** What you are asked to do **
From the material below, reproduce exactly the stretch of lines that begins with the line holding "30 da estero)" and ends with the line holding "- Egy tucatnyi", skipping the pictures.

** Extracted entries **
• • • • •
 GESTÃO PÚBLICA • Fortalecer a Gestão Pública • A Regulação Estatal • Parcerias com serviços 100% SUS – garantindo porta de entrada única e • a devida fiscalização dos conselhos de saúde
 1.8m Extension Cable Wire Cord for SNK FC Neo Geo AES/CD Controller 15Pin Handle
• • • • •
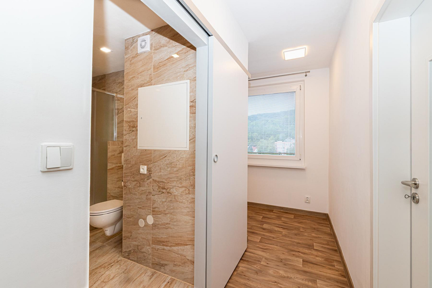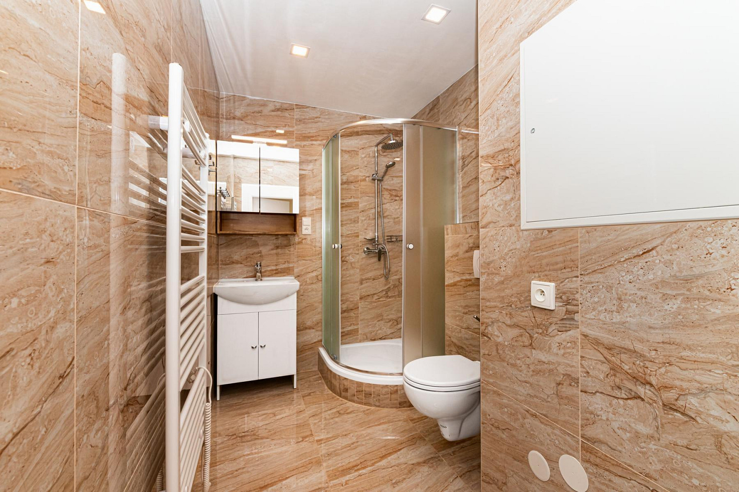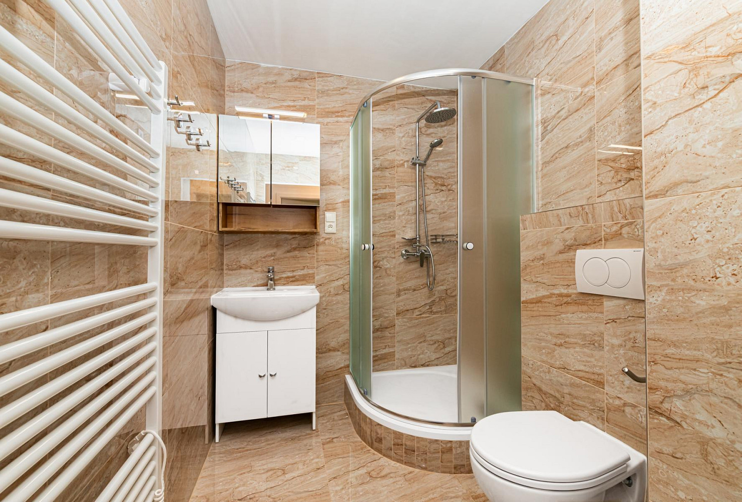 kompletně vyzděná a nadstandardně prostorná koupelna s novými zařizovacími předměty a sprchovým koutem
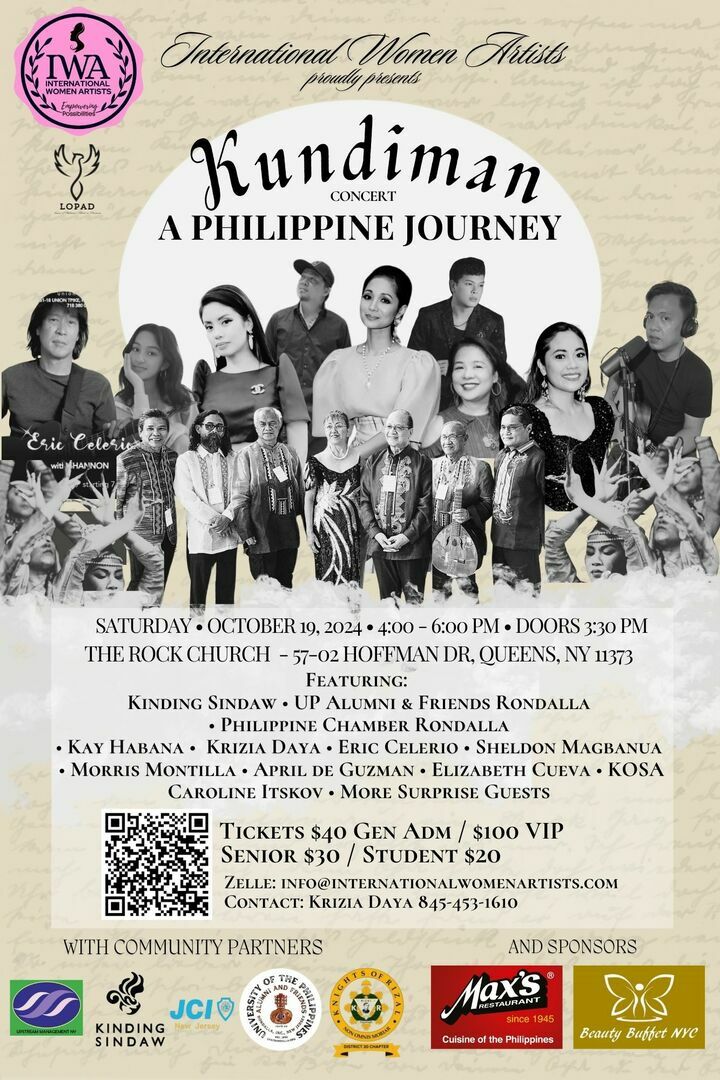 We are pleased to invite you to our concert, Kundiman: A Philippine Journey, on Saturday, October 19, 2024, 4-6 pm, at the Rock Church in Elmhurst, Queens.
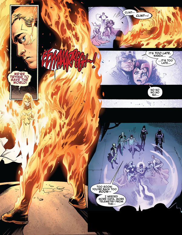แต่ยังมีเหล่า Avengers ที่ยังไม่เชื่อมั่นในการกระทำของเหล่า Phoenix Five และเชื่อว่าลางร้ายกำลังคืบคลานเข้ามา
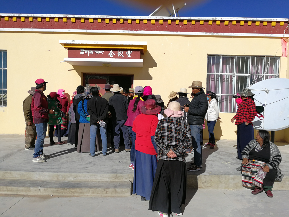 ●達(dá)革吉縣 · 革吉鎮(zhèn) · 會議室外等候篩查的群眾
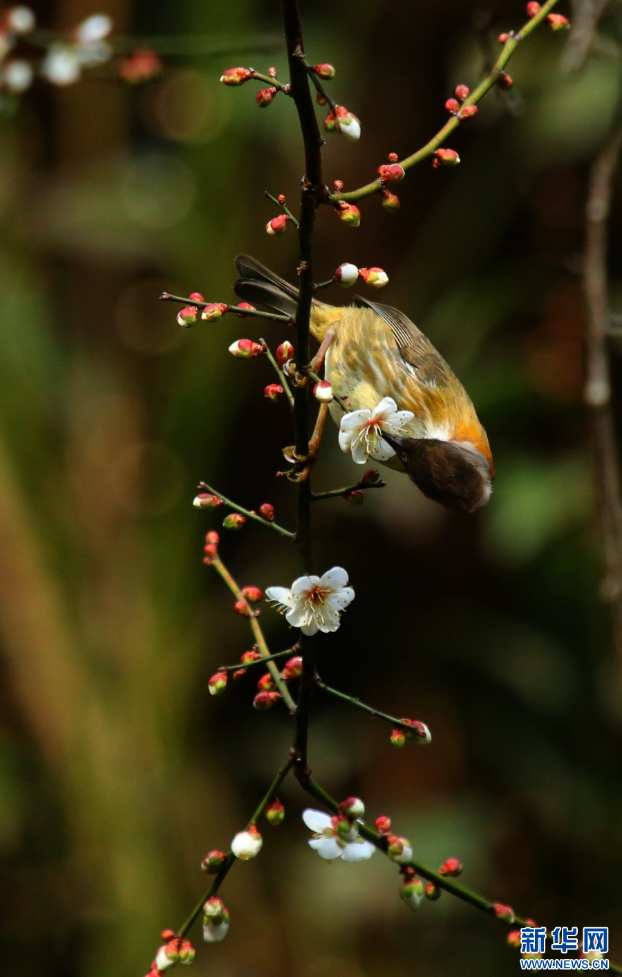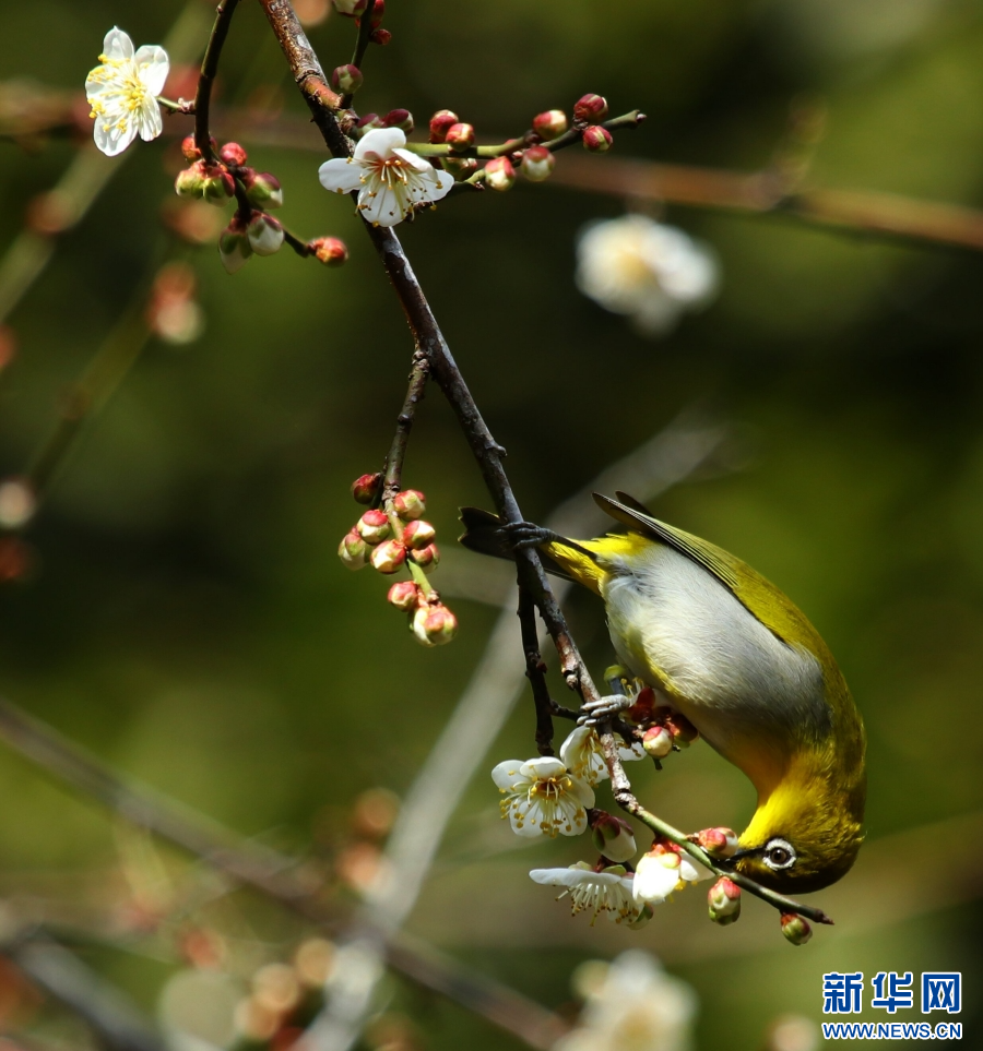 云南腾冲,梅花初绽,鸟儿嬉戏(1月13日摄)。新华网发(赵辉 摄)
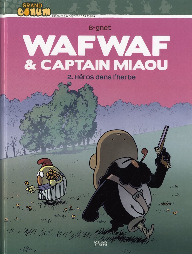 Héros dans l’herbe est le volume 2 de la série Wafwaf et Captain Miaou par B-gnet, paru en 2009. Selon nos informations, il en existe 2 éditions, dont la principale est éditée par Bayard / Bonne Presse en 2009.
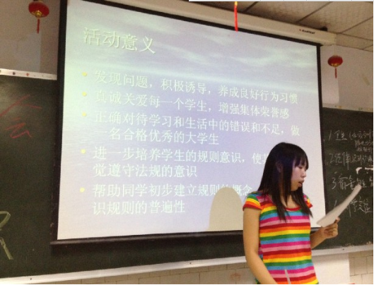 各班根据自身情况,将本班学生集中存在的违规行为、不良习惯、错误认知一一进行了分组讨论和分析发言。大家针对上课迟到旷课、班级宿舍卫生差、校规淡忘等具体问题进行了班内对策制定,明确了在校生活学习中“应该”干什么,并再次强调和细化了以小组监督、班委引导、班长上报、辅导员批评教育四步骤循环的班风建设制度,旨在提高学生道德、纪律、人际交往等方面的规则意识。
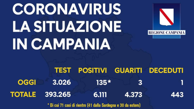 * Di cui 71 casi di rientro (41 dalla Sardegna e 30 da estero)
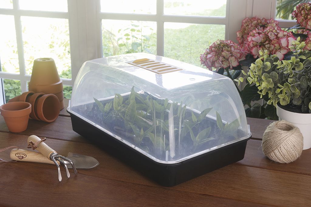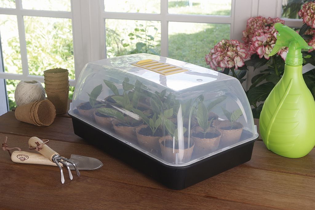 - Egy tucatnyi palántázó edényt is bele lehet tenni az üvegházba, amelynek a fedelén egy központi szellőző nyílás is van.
• • • • •
** Completed task **
 * Di cui 71 casi di rientro (41 dalla Sardegna e 30 da estero)
 - Egy tucatnyi palántázó edényt is bele lehet tenni az üvegházba, amelynek a fedelén egy központi szellőző nyílás is van.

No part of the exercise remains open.